O grupo de conselheiros económicos próximos do governo alemão defende que a Alemanha deve propor a criação de um Mecanismo de Insolvência de Soberanos na zona euro. Um mecanismo que, na prática, iria reconhecer que os países da união monetária podem cair em falência e iria impor perdas aos investidores privados em caso de necessidade. Estas são hipóteses que continuam sem se reconhecer formalmente na união monetária, uma situação que tem implicações vastíssimas para o sistema financeiro europeu. O plano foi apresentado em novembro, mas o único dissidente desse grupo de cinco economistas veio subir o tom das suas críticas: se o plano for em diante, será “a forma mais rápida de acabar com a zona euro“.

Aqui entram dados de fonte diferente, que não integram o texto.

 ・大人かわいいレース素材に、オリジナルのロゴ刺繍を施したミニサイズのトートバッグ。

Em entrevista ao The Telegraph, esse dissidente, Peter Bofinger, lamentou que o Conselho a que pertence tenha defendido um plano que, na sua opinião, poderá desencadear uma “fuga às obrigações” do Tesouro de países como Portugal, Espanha e Itália – levando à subida em flecha dos juros destes países. Ainda assim, este é um plano que, segundo o jornal, recebe não só a concordância do Bundesbank (o banco central alemão), liderado por Jens Weidmann, como também do Ministério das Finanças, chefiado por Wolfgang Schäuble.
O plano (link aqui) foi avançado em novembro mas tem tido pouco eco na imprensa financeira fora da Alemanha. O que poderá mudar, agora que Peter Bofinger decidiu falar sobre o tema com o britânico The Telegraph.

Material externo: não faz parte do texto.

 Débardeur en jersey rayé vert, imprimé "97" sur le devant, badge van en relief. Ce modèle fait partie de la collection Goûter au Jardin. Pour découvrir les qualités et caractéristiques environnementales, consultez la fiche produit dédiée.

Um ataque especulativo pode vir muito rapidamente. Se eu fosse um responsável político em Itália e fosse confrontado com este tipo de risco de insolvência, quereria regressar à minha moeda o mais rapidamente possível, porque isso seria a única forma de evitar uma bancarrota.

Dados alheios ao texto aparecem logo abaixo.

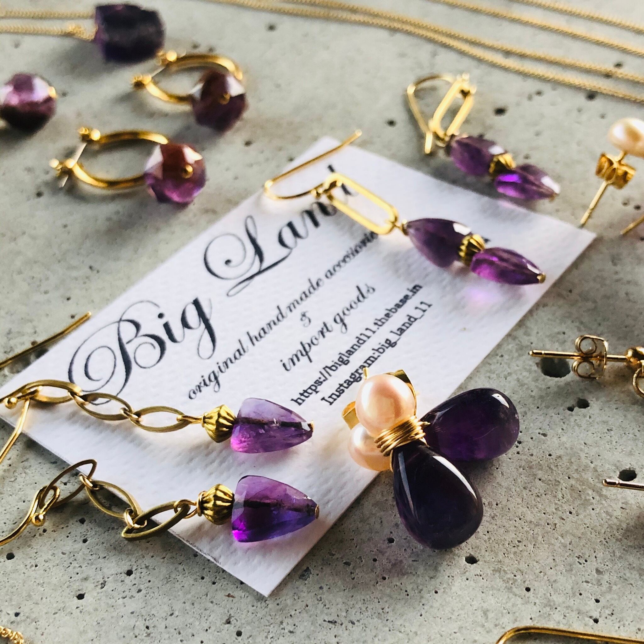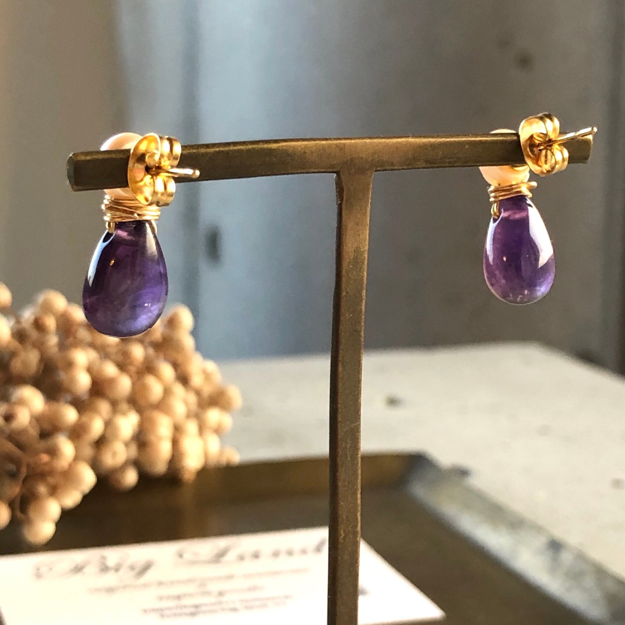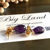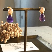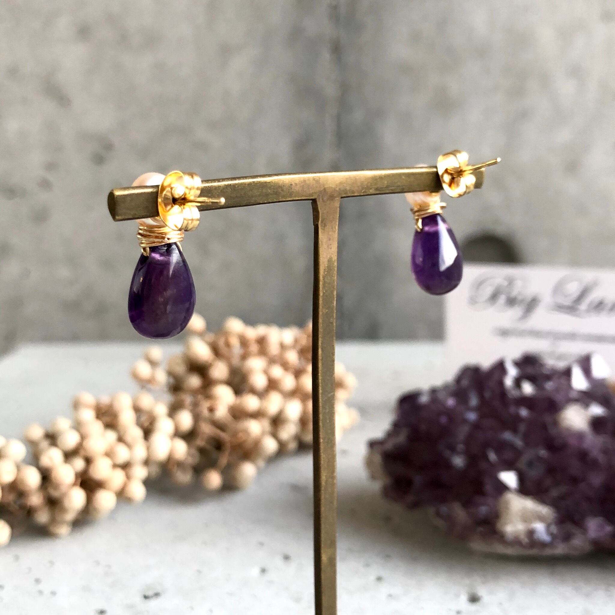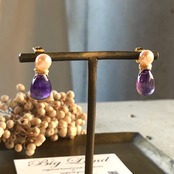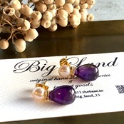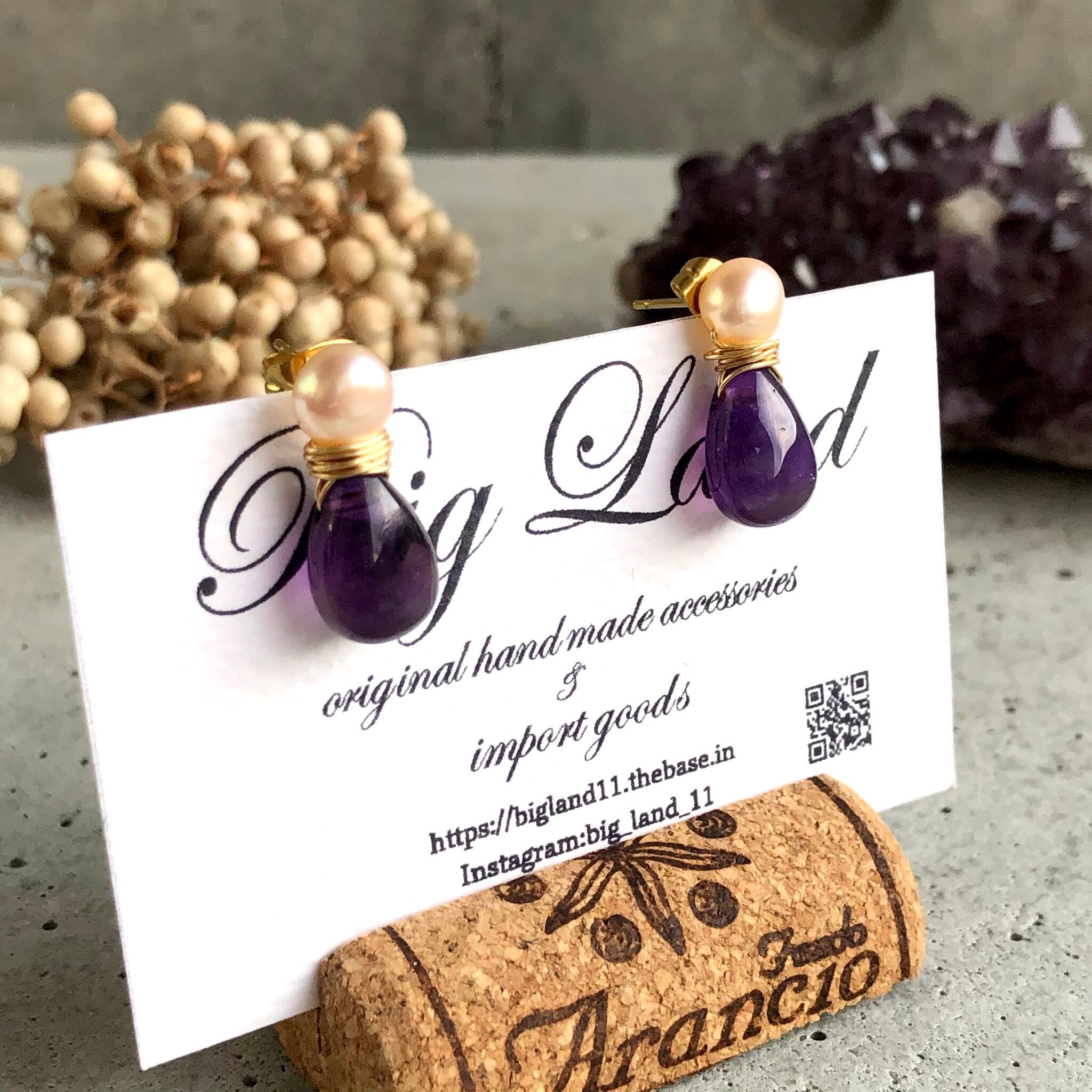 2月生まれのパワーストン、高貴な紫色「アメジスト」珍しいしずく型アメジスト原石とパールを組み合わせ、アレルギーの方にオススメのサージカルステンレスのピアスポストを使用‼︎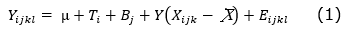 El modelo estadístico (Ecuación 1) empleado fue el siguiente: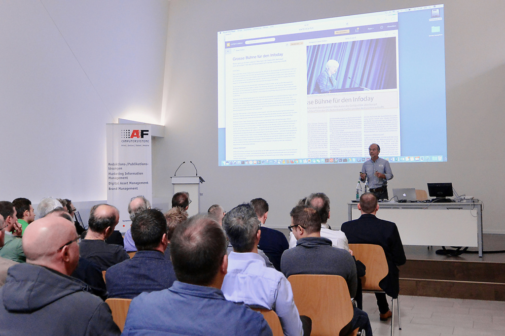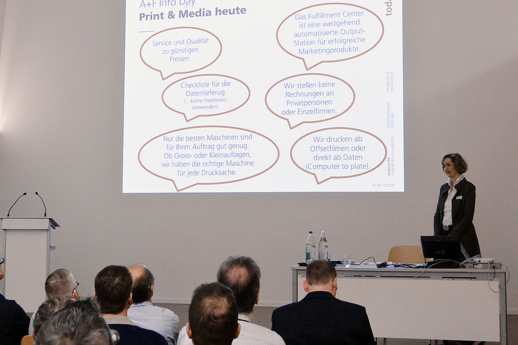 Volles Haus am A&F Infoday. Das Thema: Wirkungsvolle Kommunikation und wie Technologien die Herstellungsprozesse vereinfachen oder gar beschleunigen. Das Wichtigste für Sie zusammengefasst.

O que está em causa: dois paradigmas da zona euro
A criação do Mecanismo de Insolvência de Soberanos, proposto por este Conselho, seguiria a mesma filosofia das novas regras para a banca da zona euro – que estabelecem claramente que, em caso de dificuldades em bancos, os seus investidores privados (incluindo, também, os depositantes com mais de 100 mil euros) devem ser envolvidos na resolução do problema – leia-se, sofrerem perdas – antes de entrar um cêntimo de dinheiros públicos.
Da mesma forma que, com essas novas regras, a Comissão Europeia quer fomentar a “disciplina” nos bancos, o enquadramento proposto iria reforçar a “disciplina” nos governos, acreditam os “sábios” do Conselho (exceção feita a Bofinger).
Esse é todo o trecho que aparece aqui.